Self-Supervised Large Scale Point Cloud Completion for Archaeological Site Restoration
Aocheng Li, James R. Zimmer-Dauphinee, Rajesh Kalyanam, Ian Lindsay, Parker VanValkenburgh, Steven Wernke, Daniel Aliaga
TL;DR
This work tackles the challenge of completing large-scale, highly incomplete archaeological point clouds lacking ground-truth data. It introduces a novel MCOP representation that converts 3D data into a single, multi-channel 2D image, enabling large-scale point cloud completion via patch-based self-supervision and inpainting, followed by reprojection and Poisson reconstruction. The approach employs adversarial patch-based training, consistency and texture-sim losses to overcome unbalanced missing-data distributions and to preserve appearance and geometry. Experiments on Peruvian archaeological sites demonstrate state-of-the-art performance in both image-level and point-cloud metrics, producing high-fidelity, colored restorations of structures that are largely missing surfaces, and scalable to millions of points with robust visual texture.
Abstract
Point cloud completion helps restore partial incomplete point clouds suffering occlusions. Current self-supervised methods fail to give high fidelity completion for large objects with missing surfaces and unbalanced distribution of available points. In this paper, we present a novel method for restoring large-scale point clouds with limited and imbalanced ground-truth.
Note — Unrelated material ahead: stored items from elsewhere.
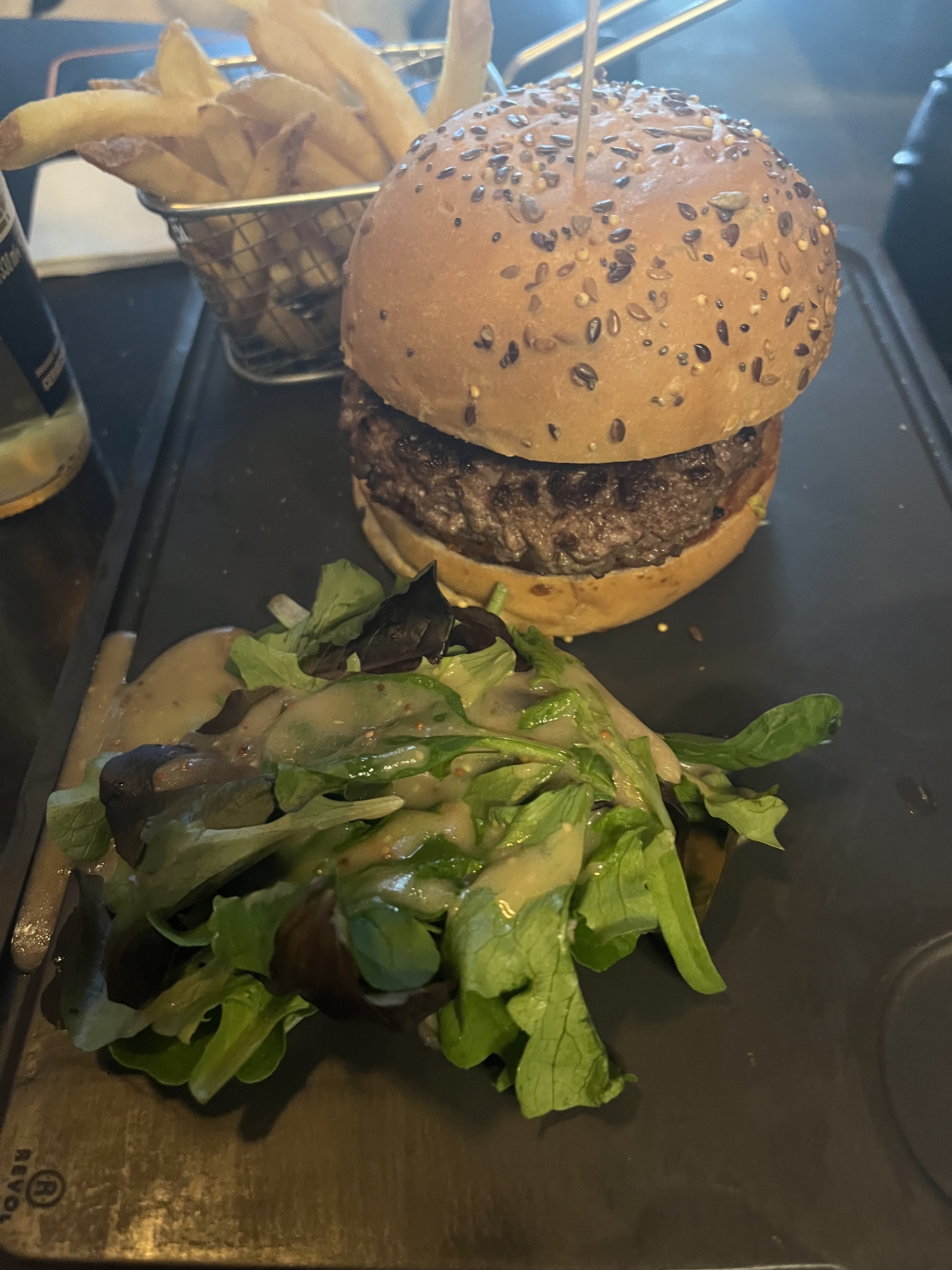 Un service midi sans avoir réservé, mais bien assez de place pour quatre, c'est immense 😜 Un peu trop même, hormis l'entrée, on se croirait dans un hangar bruyant et sombre, c'est dommage, ça gâche un peu l'expérience 😏 Un service efficace, avec le smile, c'est parfait ! 🤩 Des apéritifs très bons et généreux, du choix en boisson et en food 😁 Malgré la viande qui s'échappe de l'assiette, le plat est vraiment bon, tout comme le méga burger bien qu'il manque un peu de sauce ou fromage 😉 Plusieurs parfums manquants en glace, ceux qu'on choisit, forcément 😂 Et un thé rooibos gourmand, généreux et bien constitué 😁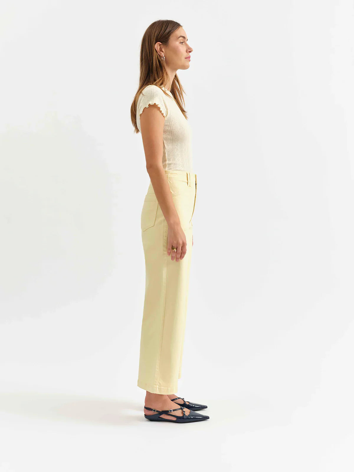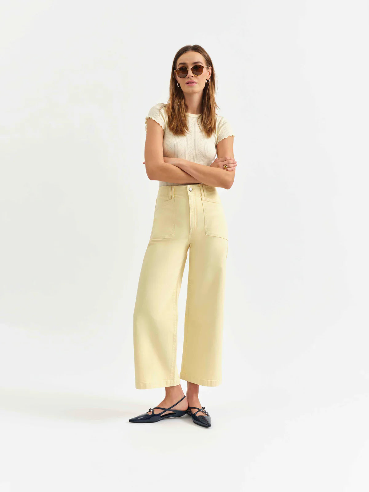 Inspired by LA's hottest neighborhood, the Valley Girl in Sunny is a high rise wide leg featuring retro-inspired patch pockets and a butter yellow wash. Constructed from our Tough Love fabric, this jean holds its shape but yields to your body in all the right ways.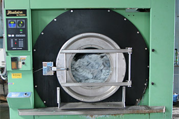 ▲巨大な洗濯機が並んでいるタオル専用の洗濯工場。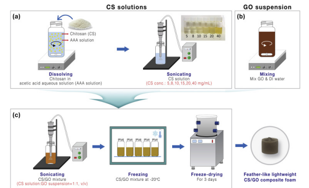 Fig. 1. CS/GO泡沫的合成過程示意圖:制備(a) CS溶液和(b) GO懸浮液,(c)制備 CS/GO混合物并冷凍干燥產(chǎn)生的CS/GO泡沫。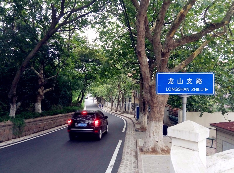 有资料说,龙山路是1923年依山劈石填沟建的道路。当年的路面是一条山涧,俗称大沟,由江苏路修一个大石堤通往龙山路。龙山路北端与齐东路、伏龙山路、苏州路、江苏路、观象一路等5个路口相会,也是老城区的一条重要街道。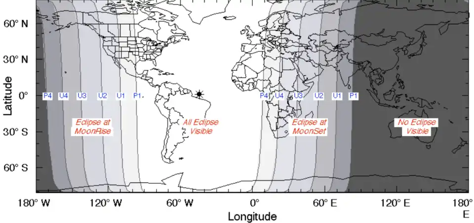 L'éclipse est visible depuis une majeure partie des Amériques, de l'Asie, de l'Europe et de l'Afrique.

Using rough boundary annotations for a region of interest, we project the original point clouds into a multiple-center-of-projection (MCOP) image, where fragments are projected to images of 5 channels (RGB, depth, and rotation). Completion of the original point cloud is reduced to inpainting the missing pixels in the MCOP images. Due to lack of complete structures and an unbalanced distribution of existing parts, we develop a self-supervised scheme which learns to infill the MCOP image with points resembling existing "complete" patches. Special losses are applied to further enhance the regularity and consistency of completed MCOP images, which is mapped back to 3D to form final restoration. Extensive experiments demonstrate the superiority of our method in completing 600+ incomplete and unbalanced archaeological structures in Peru.